Exogenous DC stimulation has also been reported to exert a positive effect on nerve function recovery in vivo. Yamada et al. demonstrated the potential of ESC to differentiate into mature neurons after injection into the injured spinal cords of adult mice [36]. ES could further improve the function recovery, and 7 days of ES (10 Hz, 0.5–1.0 V), which was performed for 4 h/day, may improve the function of the injured spinal cord in rats [44]. Some data showed that DC stimulation can improve motor function after a stroke [45, 46]; in particular, the improvement is greater in chronic stroke patients [47]. The improvements showed a positive relationship with current and charge density when transcranial DC stimulation (tDCS) was applied [48]. Up to 4 mA of tDCS was considered safe and tolerable for stroke patients [49]. In addition, bilateral cerebellar tDCS was also reported to improve balance in patients with Parkinson’s disease [50].
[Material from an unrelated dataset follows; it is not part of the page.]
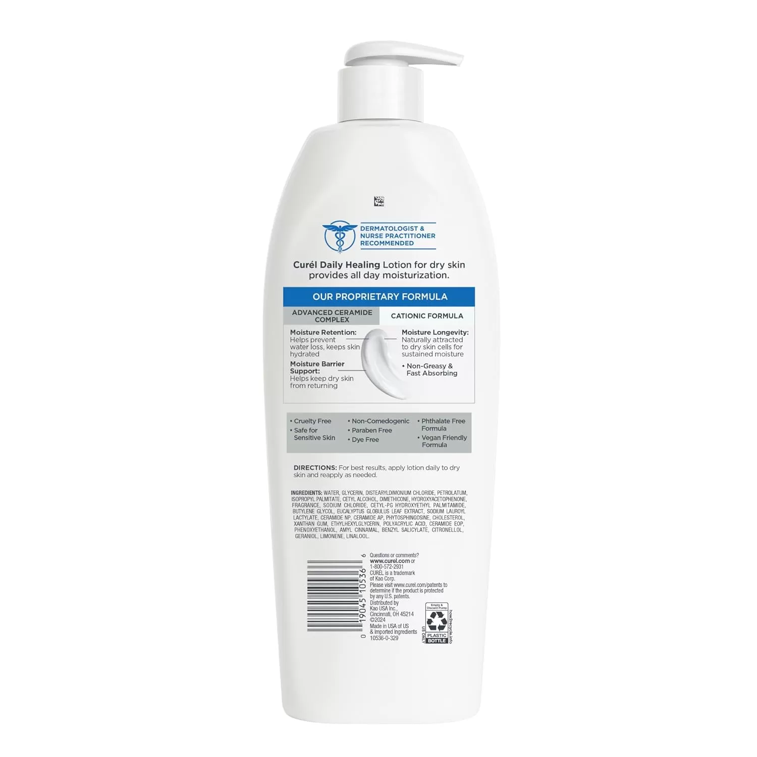 Relieve dry skin and keep it hydrated all day long with Curel Daily Healing  Body Lotion. While traditional moisturizing body lotion only hydrates skin's surface, this skin hydrating lotion with the Advanced Ceramide Complex works at the source of dryness in skin, helping repair its moisture barrier, to help retain moisture and prevent symptoms of dry skin from returning. The hydration in this dry, sensitive skin moisturizer is clinically proven to provide 24 hours of continuous moisture. Comforts dry skin and leaves it feeling hydrated and soft. Use this skin hydrating cream from head-to-toe as a moisturizing body lotion and dry skin hand lotion. This non-greasy, fast-absorbing, non-irritating sensitive skin lotion helps to hydrate, relieve and repair dry skin. Dermatologist recommended hydrating body lotion is suitable for sensitive skin.  No ordinary dry skin moisturizer, it’s formulated to be paraben-free, dye-free, phthalate free, non-comedogenic, cruelty-free, and vegan-friendly.

2.2. Effect of Alternating Current on Stem Cell Neural Differentiation
AC is the flow of charge that changes direction periodically, and its magnitude reverses along with the current. In vitro AC systems use capacitively coupled or inductively coupled designs. The applications of AC stimulation in neural differentiation are summarized in Table 3. In contrast to DC, AC may not have effect on NSC migration, alignment with ES [51]. This may be due to the bidirectional electric field provided by AC. However, Matos et al. found that AC stimulation can improve the viability and neural differentiation of NSCs. The best frequency for mouse NSC viability was 1 Hz, and frequency lower than 1 Hz can increase the ratio of neurons to astrocytes [52]. Furthermore, using a frequency higher than 1–50 Hz, 0.001 kV/cm, AC ES delayed neural differentiation of progenitor cells into astrocytes [53]. According to these studies, a wide range of the frequencies of ES can control the differentiation of stem cells into specific sublineages, which depend on the cell types and culture conditions. Apart from in vitro AC stimulation, in vivo AC devices were also designed. Repetitive transorbital AC stimulation was used to treat mice with optic nerve injury. After treatment, many large neurons survived with moderate dendritic shrinkage [54].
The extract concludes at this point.